Combining Discrete and Neural Features for Sequence Labeling
Jie Yang, Zhiyang Teng, Meishan Zhang, and Yue Zhang

TL;DR
This paper explores combining discrete and neural features in sequence labeling tasks, demonstrating that their integration improves accuracy over using either feature type alone across various NLP benchmarks.
Contribution
It systematically investigates the effect of combining discrete and neural features for sequence labeling, showing improved performance on multiple NLP tasks.
Findings
Combining features yields better accuracy than using only discrete or neural features.
Neural models achieve competitive accuracy with traditional discrete models.
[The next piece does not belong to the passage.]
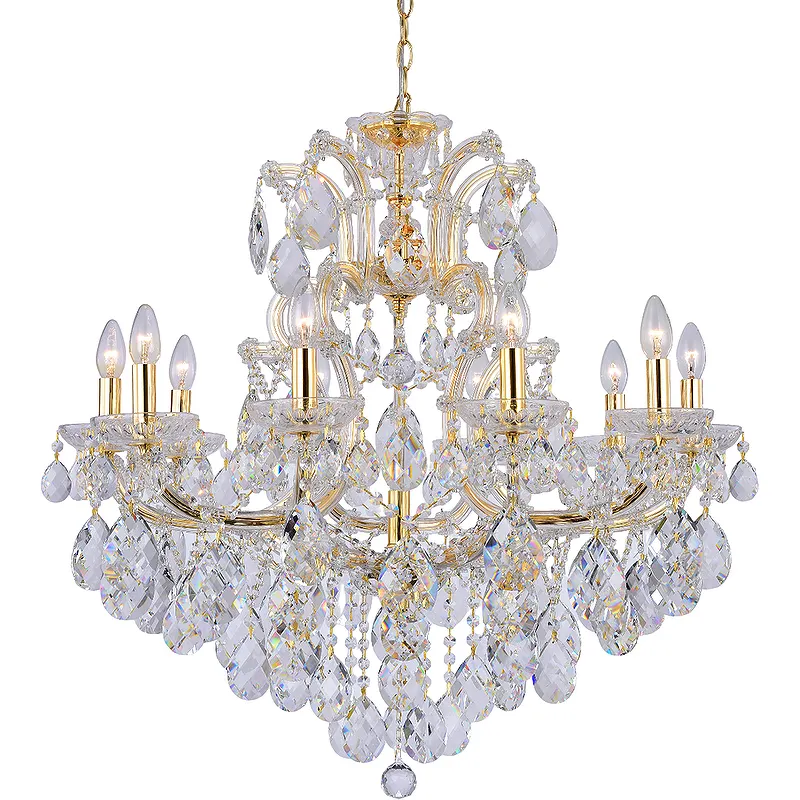 - Классический стиль люстры: Идеально подходит для создания изысканного интерьера благодаря классическому дизайну и сочетанию золота и прозрачного стекла.
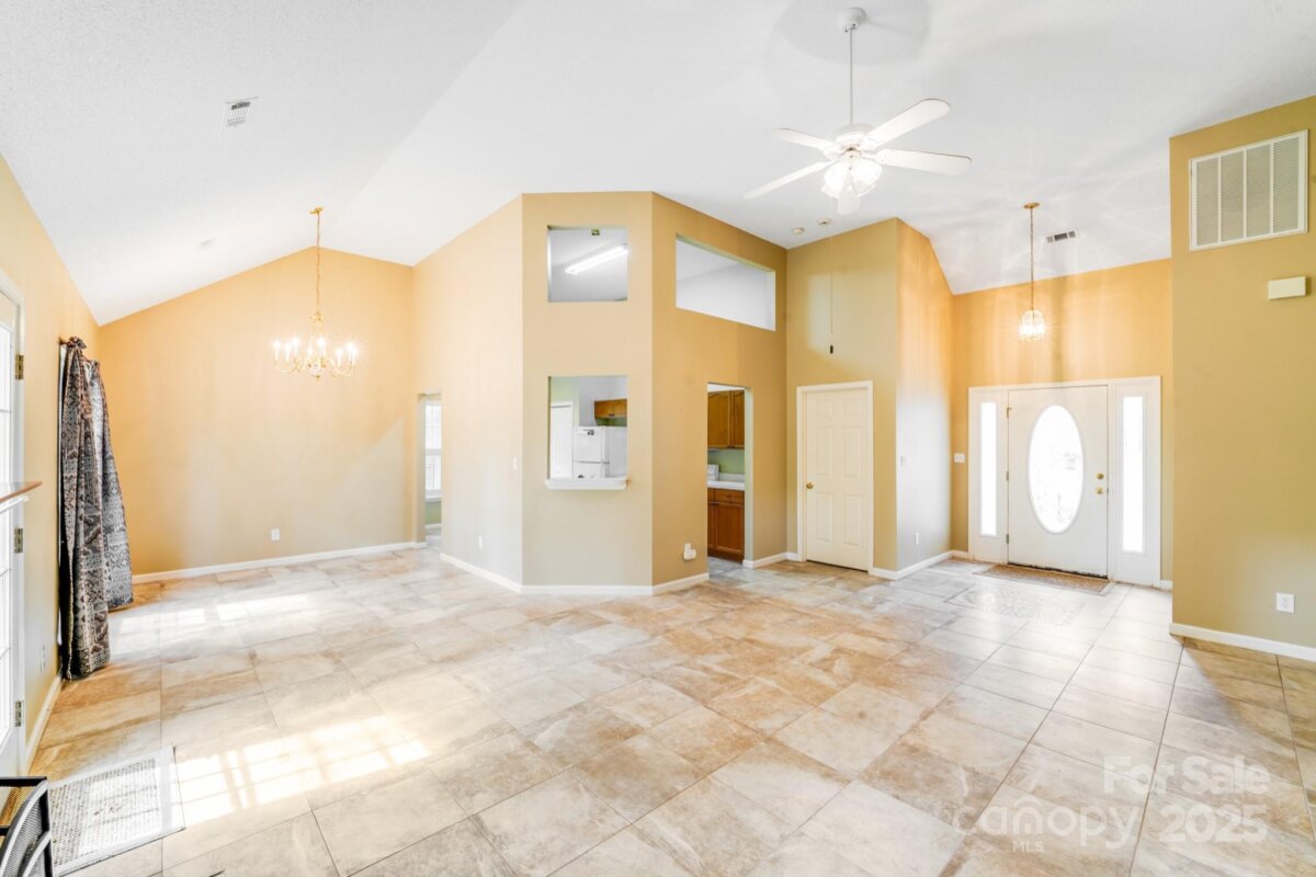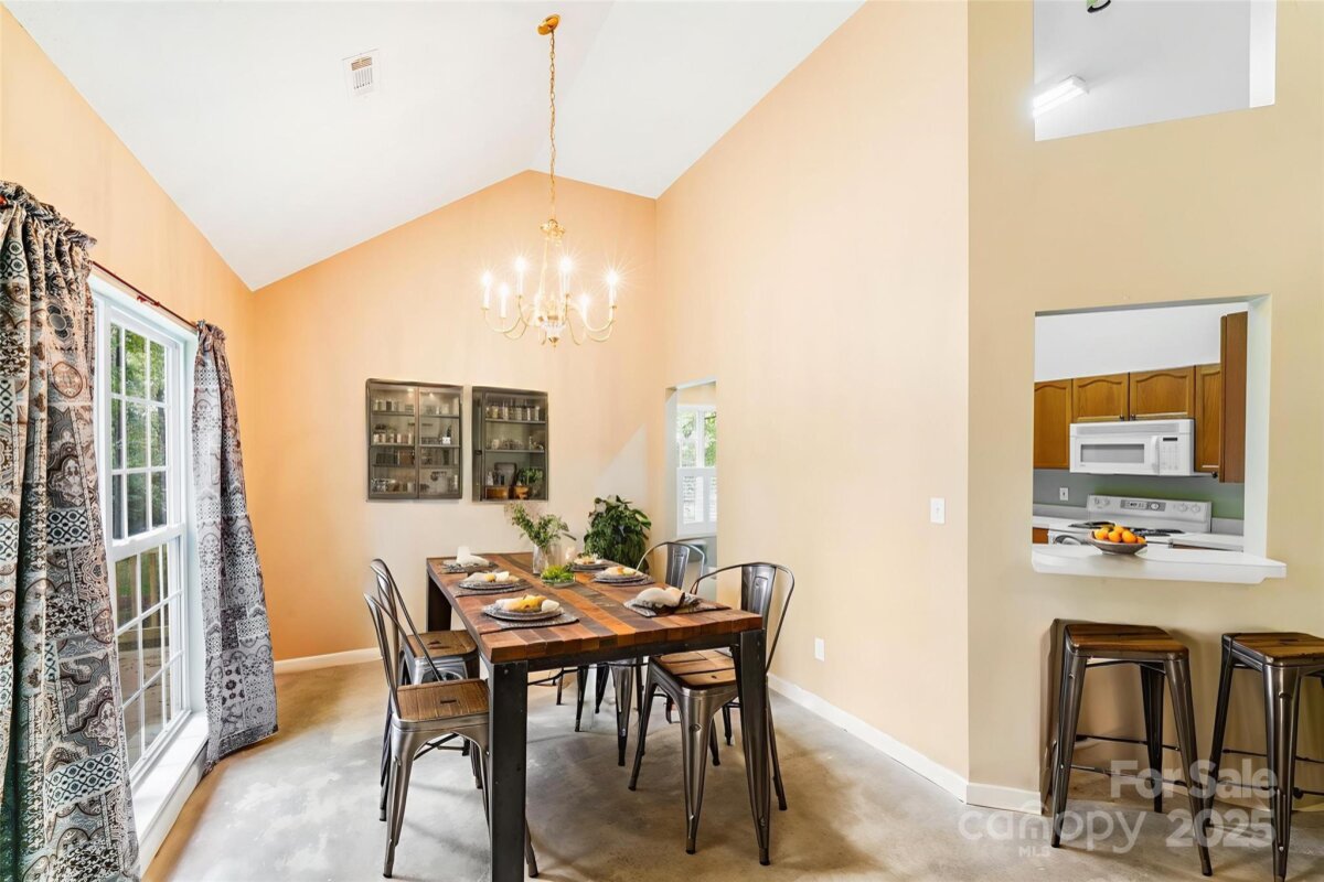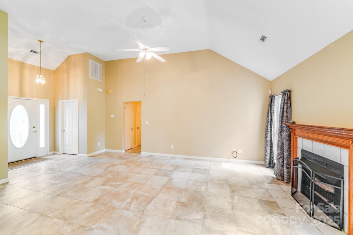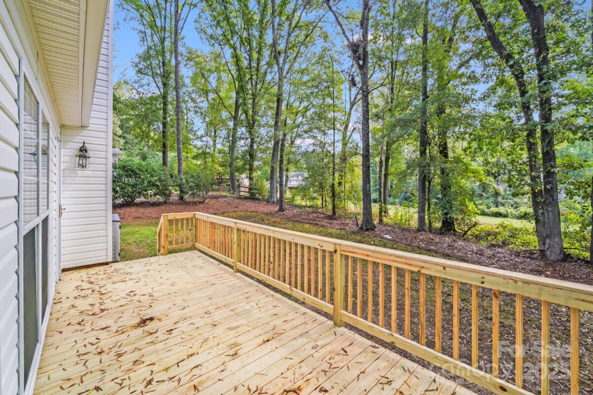 Welcome to this inviting 3-bed, 2-bath home in Cornelius, NC. The spacious living room features soaring vaulted ceilings, a cozy fireplace, and large windows with sunlight beaming inside, creating a warm and welcoming atmosphere. The kitchen offers an abundance of cabinetry and storage, making it perfect for everyday living and entertaining. The primary suite is a true retreat, complete with a walk-in closet and a private ensuite showcasing a dual vanity for added convenience. Secondary bedrooms provide flexibility. Step outside to enjoy the huge backyard with a large deck overlooking mature trees—ideal for cookouts, gatherings, or simply relaxing in your private outdoor oasis. Located just minutes from Lake Norman, Birkdale Village, shopping, dining, and easy access to I-77, this home offers the perfect balance of comfort and convenience. Don’t miss the opportunity to make this beautiful property your new home! Recent updates include roof replacement in 2025, deck built in 2025.

The combined approach improves results on standard benchmarks for NLP tasks.
Abstract
Neural network models have recently received heated research attention in the natural language processing community. Compared with traditional models with discrete features, neural models have two main advantages. First, they take low-dimensional, real-valued embedding vectors as inputs, which can be trained over large raw data, thereby addressing the issue of feature sparsity in discrete models. Second, deep neural networks can be used to automatically combine input features, and including non-local features that capture semantic patterns that cannot be expressed using discrete indicator features. As a result, neural network models have achieved competitive accuracies compared with the best discrete models for a range of NLP tasks. On the other hand, manual feature templates have been carefully investigated for most NLP tasks over decades and typically cover the most useful indicator…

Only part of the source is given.